Safeguarding Your Dedicated Server

August 27, 2013 by Staff Writer
Safeguarding Your Dedicated Server
A dedicated server is by all measures a major investment. A good piece of dedicated hardware doesn't come cheap, but the benefits of having an entire server's resources at your disposal completely outweigh the financial considerations. You install the operating system of your choice, you decide how many websites you are going to host on a machine, and you apply available resources exactly as you see fit.

The downside, of course, of a dedicated machine is that you are completely in charge of ensuring its welfare, and in particular, you are in charge of safeguarding the websites a machine hosts. There are of course a number of straightforward maintenance and management issues you need to build into a work routine and work procedures to ensure you safeguard your dedicated server and the treasures it stores.

First, make sure you house your machine is a safe physical location. Physical security of your server is just as important as defending it from the range of cyber threats available the Internet offers.

As far as those cyber threats are concerned, fend them off by using encryption when accessing websites. Using SSH/SCP ensures login details (user names, passwords) are encrypted and unavailable to all but those who permitted to access them. Use port 22 for SSH/SCP and ensure all other ports are completely blocked.

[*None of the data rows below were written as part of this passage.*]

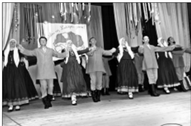
Dejo "Dēka". Vidējās paaudzes deju kolektīvs "Dēka" skatītājus iepriecināja ar divām dejām "Ai, zaļa birtaliņa" un "Rūnu deja".
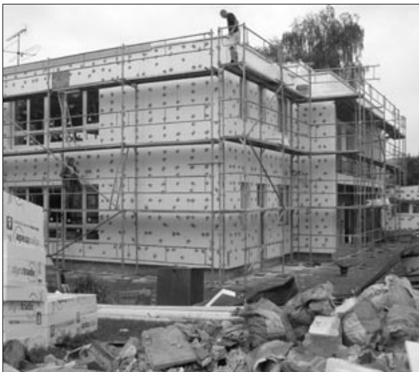
Zateplení na budově mateřské školy.

V současnosti se počty občanů naopak zvyšují. Roku 2000 žilo v Postupicích (575 + osady) celkem 1.106 občanů, narodilo se 8 dětí, z toho 5 chlapců a 3 dívky, zemřelo 12 osob, 7 sňatků, 3 rozvody, poslední přidělené čp. bylo 235.
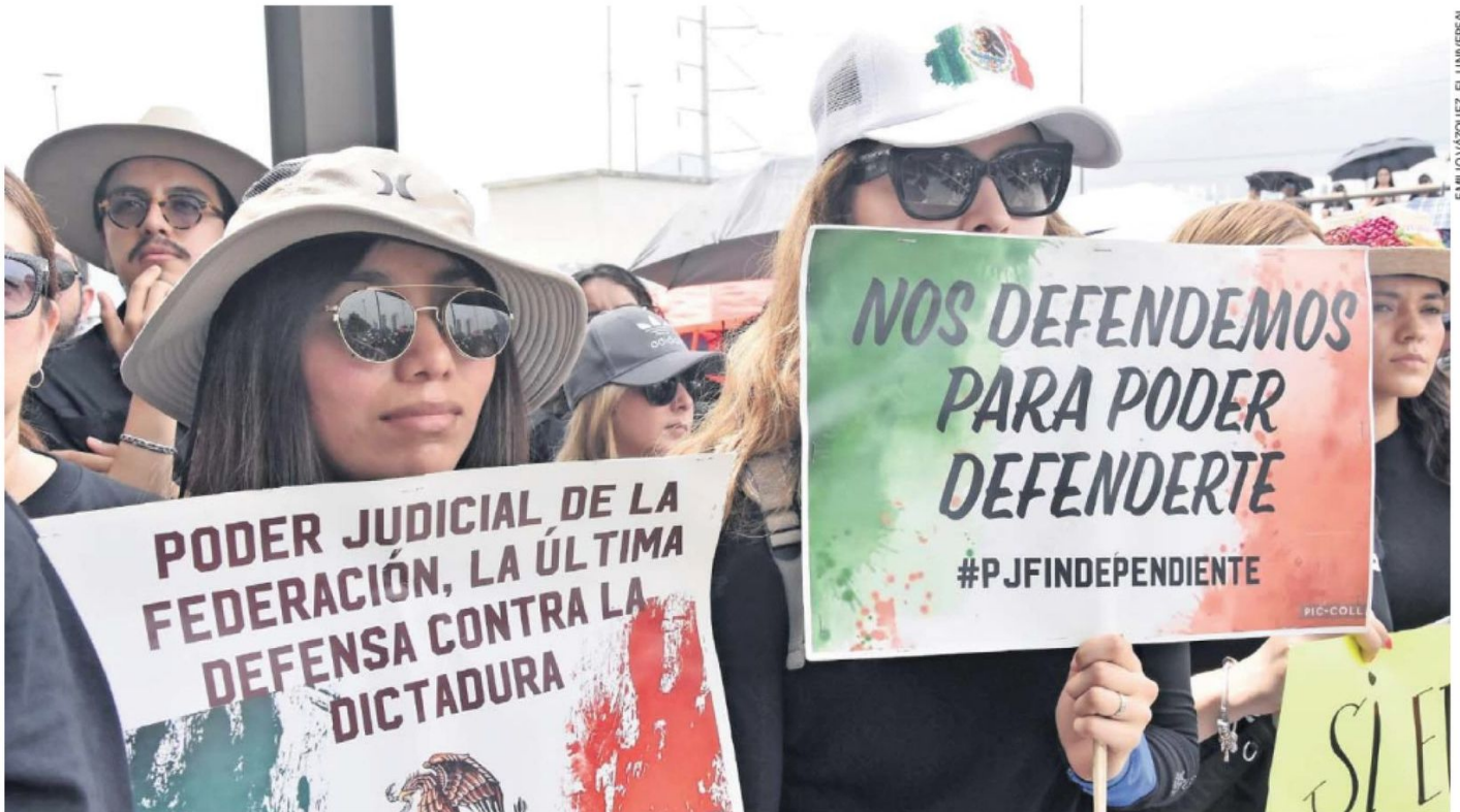
EMILIO VÁZQUEZ/EL UNIVERSAL
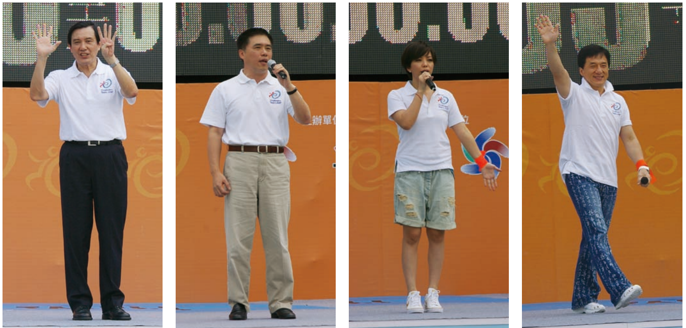
響應2009台北聽障奧運，總統馬英九、台北市長郝龍斌、2009台北聽障奧運代言人張惠妹、2009台北聽障奧運形象大使成龍(由左至右)皆熱情參與
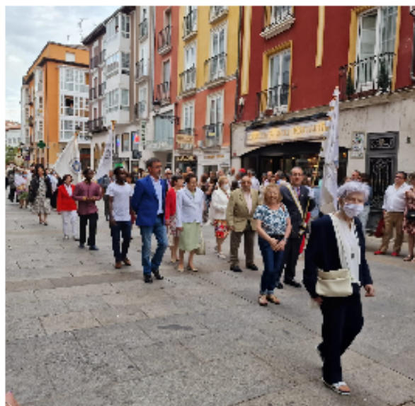
Grupo ARPU en procesión del "Corpus Christi" en Burgos (19-6-2022)

4ª.- La ARPU tiene algunas fiestas y celebraciones de la Iglesia como más propias.
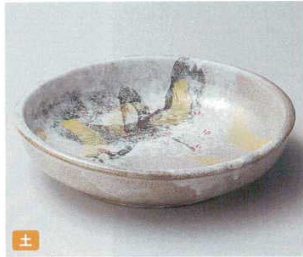
03602-179 桜木7.0盛鉢 5,050円 30入 (23×5cm)
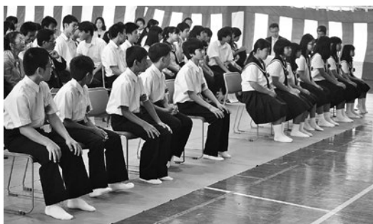
勉強、スポーツ、遊びなど悔いのない3年間を過ごして欲しい。

4月7日、村立多良間中学校に於いて平成29年度の入学式が行われ、12名の新入生が入学しました。
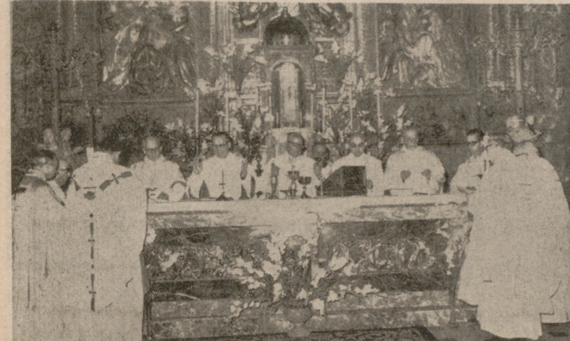
UN MOMENTO DE LA MISA CONCELEBRADA
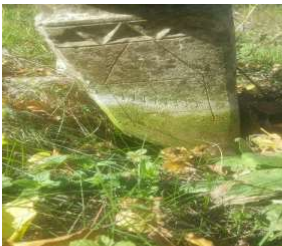
Slika 70. Prvi nišan iz Moćila

Na nišanu ispod teksta ne postoji neki natpis, osim prikaza koji se ne može sa sigurnošću rekonstruirati. Može se pretpostaviti da je pokojnik bio istaknuta osoba što se vidi na osnovu fino obrađenog trodimenzionalnog prikaza na granici između stana i vrata nišana.
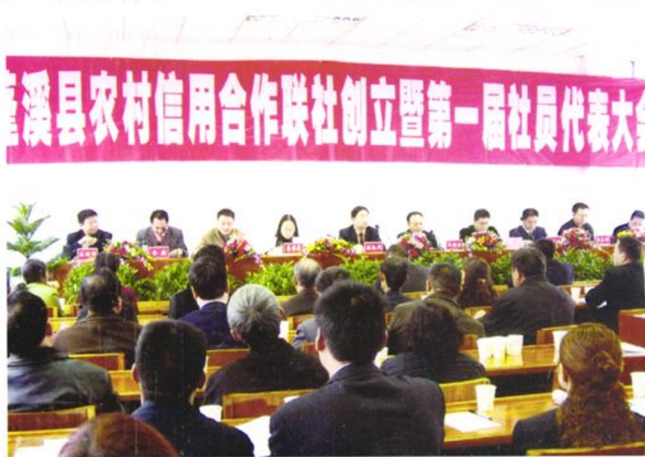
县联社召开社员代表大会会场
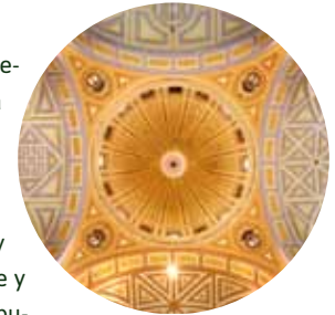
Colegiata del Santo Sepulcro

En la misma calle, tras un corto paseo, la colegiata del Santo Sepulcro (9) muestra su figura sobria, obra de Gaspar de Villaverde (siglo XVII). Templo de estilo herreriano, los ocho altares laterales cuentan la Pasión de Cristo con sugerentes relieves. En el altar mayor hay un solemne baldaquino, con un Cristo yacente y rematado con la imagen del Resucitado. La cúpula recuerda lejanamente a la de San Pedro del Vaticano.

In this busy, busy world there is also always an inclination to "shortcut" on passwords, and people forget they are an essential aspect of your server security. Of course your website name plus '123' is easy to remember, but you don't need sophisticated software to hack a system protected in this way. You just need brute force (an exhaustive key search) - or even just a bit of common sense and a bit of luck. Try this as an alternative:

"rATCmnnwP2SkCavjpNt52GB8emJRstzm"

You can generate solid passwords at websites like Random.org.

Of course, protecting against viruses is bottom line basic stuff as far as servers are concerned, but it is curious how many people just don't do it. Install good antivirus software and ensure that updating antivirus definitions is also built into your procedures. In addition, keep abreast of software updates - ensure that all known vulnerabilities are dealt with using the software company's patches. Some software updates might be optional, so make sure a regular visit to the software company's website is an ongoing and regular part of your workload.

Of course, safeguarding a dedicated server is, in many instances, as straightforward as safeguarding a PC. The only problematic issue is remembering to do it. Make sure quality measures become your norm and build safeguards into your daily procedures. That way you will safely enjoy your dedicated server for as long as you going to use it.